Prompt » Exactly the lines below, starting with the one containing "COOFANDY Men’s Short" and going on through the one containing "新華社北京1月12日電 中國", must be reproduced, both ends included, and no pictures with them.
##### Input records #####
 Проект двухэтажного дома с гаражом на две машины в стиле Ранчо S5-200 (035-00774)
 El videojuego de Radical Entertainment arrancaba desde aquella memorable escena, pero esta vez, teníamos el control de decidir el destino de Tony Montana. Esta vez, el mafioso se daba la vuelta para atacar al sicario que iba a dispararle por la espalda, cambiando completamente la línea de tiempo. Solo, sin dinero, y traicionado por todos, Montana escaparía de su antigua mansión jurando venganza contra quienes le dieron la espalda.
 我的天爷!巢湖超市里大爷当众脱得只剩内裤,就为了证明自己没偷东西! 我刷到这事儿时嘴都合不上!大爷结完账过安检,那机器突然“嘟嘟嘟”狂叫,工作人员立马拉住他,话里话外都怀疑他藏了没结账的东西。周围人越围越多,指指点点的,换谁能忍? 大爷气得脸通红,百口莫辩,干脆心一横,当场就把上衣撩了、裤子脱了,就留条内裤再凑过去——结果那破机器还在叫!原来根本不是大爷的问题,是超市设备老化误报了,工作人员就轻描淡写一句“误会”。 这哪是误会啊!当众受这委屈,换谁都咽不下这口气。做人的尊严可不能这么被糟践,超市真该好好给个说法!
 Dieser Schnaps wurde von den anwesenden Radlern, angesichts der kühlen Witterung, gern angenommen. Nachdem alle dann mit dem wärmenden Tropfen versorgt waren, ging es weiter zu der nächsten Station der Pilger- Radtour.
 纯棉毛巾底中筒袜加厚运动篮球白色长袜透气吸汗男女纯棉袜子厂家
#####
##### Input records #####
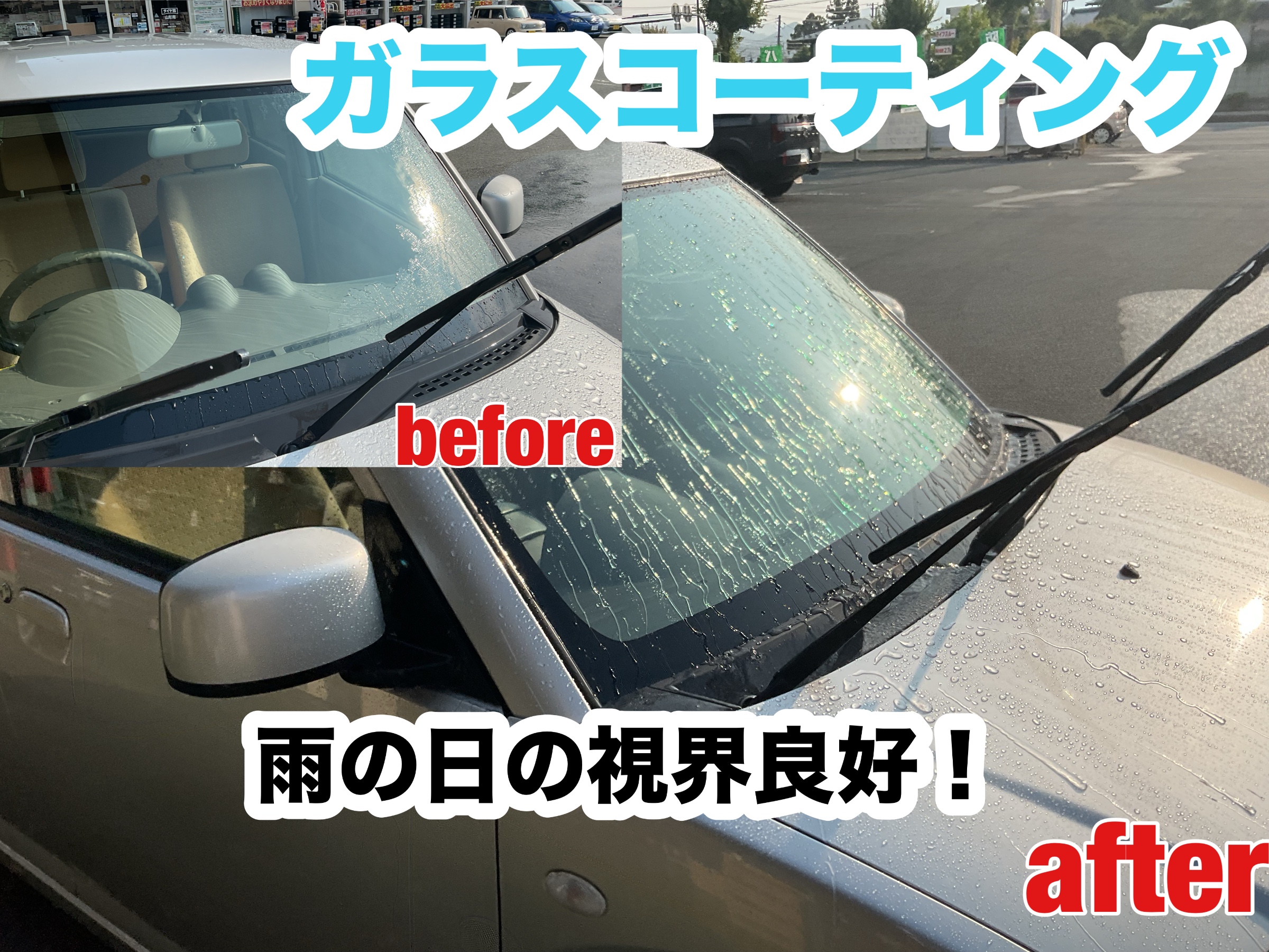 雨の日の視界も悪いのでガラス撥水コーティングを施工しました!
#####
##### Input records #####
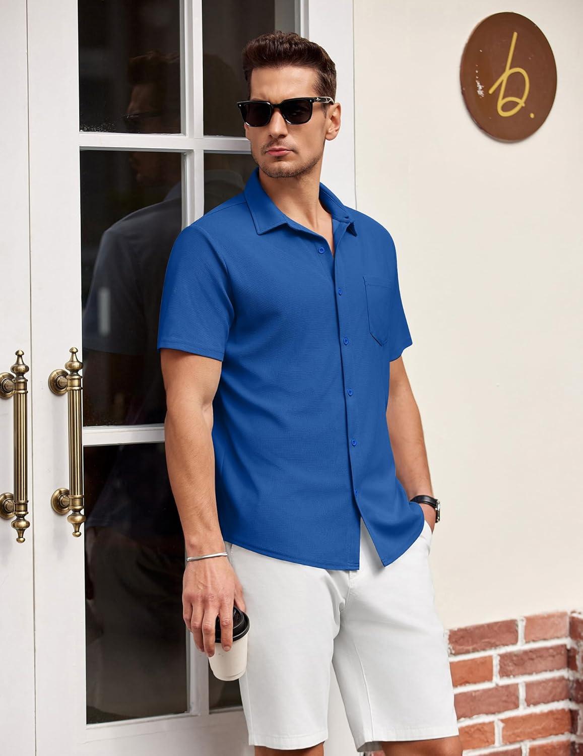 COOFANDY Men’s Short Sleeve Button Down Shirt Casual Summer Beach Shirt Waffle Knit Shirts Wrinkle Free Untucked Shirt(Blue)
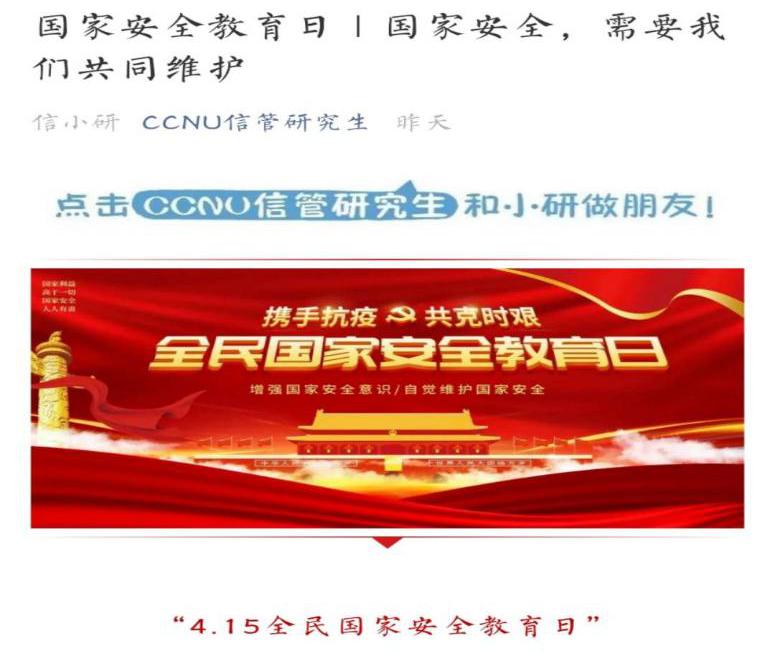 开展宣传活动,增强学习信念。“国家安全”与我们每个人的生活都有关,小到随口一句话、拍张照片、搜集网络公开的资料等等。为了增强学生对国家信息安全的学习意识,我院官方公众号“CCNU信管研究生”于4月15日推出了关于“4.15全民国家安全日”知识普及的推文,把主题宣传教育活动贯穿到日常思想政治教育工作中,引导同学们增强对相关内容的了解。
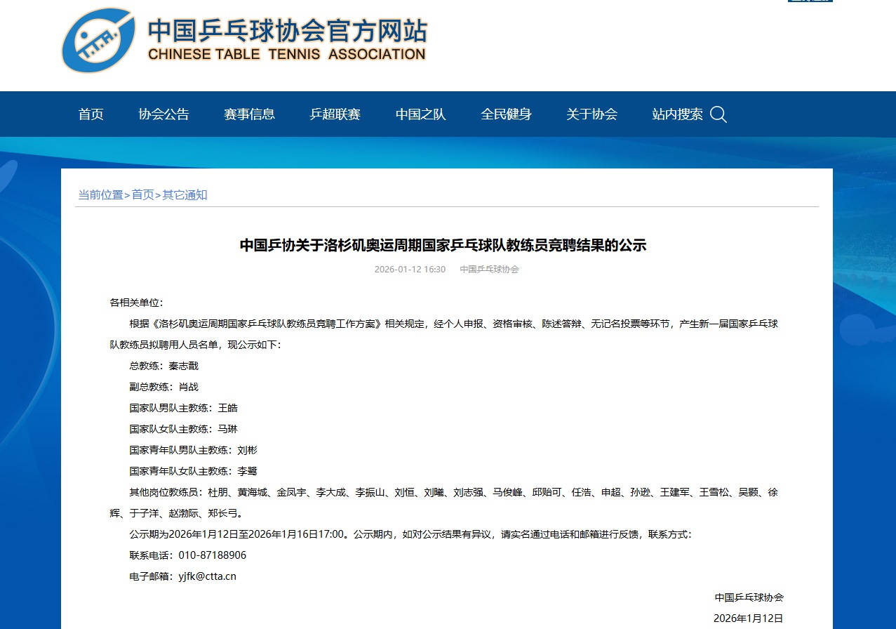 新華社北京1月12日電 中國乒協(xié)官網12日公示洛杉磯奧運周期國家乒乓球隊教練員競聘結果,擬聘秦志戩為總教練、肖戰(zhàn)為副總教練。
#####
Answer to this problem »
 COOFANDY Men’s Short Sleeve Button Down Shirt Casual Summer Beach Shirt Waffle Knit Shirts Wrinkle Free Untucked Shirt(Blue)
 开展宣传活动,增强学习信念。“国家安全”与我们每个人的生活都有关,小到随口一句话、拍张照片、搜集网络公开的资料等等。为了增强学生对国家信息安全的学习意识,我院官方公众号“CCNU信管研究生”于4月15日推出了关于“4.15全民国家安全日”知识普及的推文,把主题宣传教育活动贯穿到日常思想政治教育工作中,引导同学们增强对相关内容的了解。
 新華社北京1月12日電 中國乒協(xié)官網12日公示洛杉磯奧運周期國家乒乓球隊教練員競聘結果,擬聘秦志戩為總教練、肖戰(zhàn)為副總教練。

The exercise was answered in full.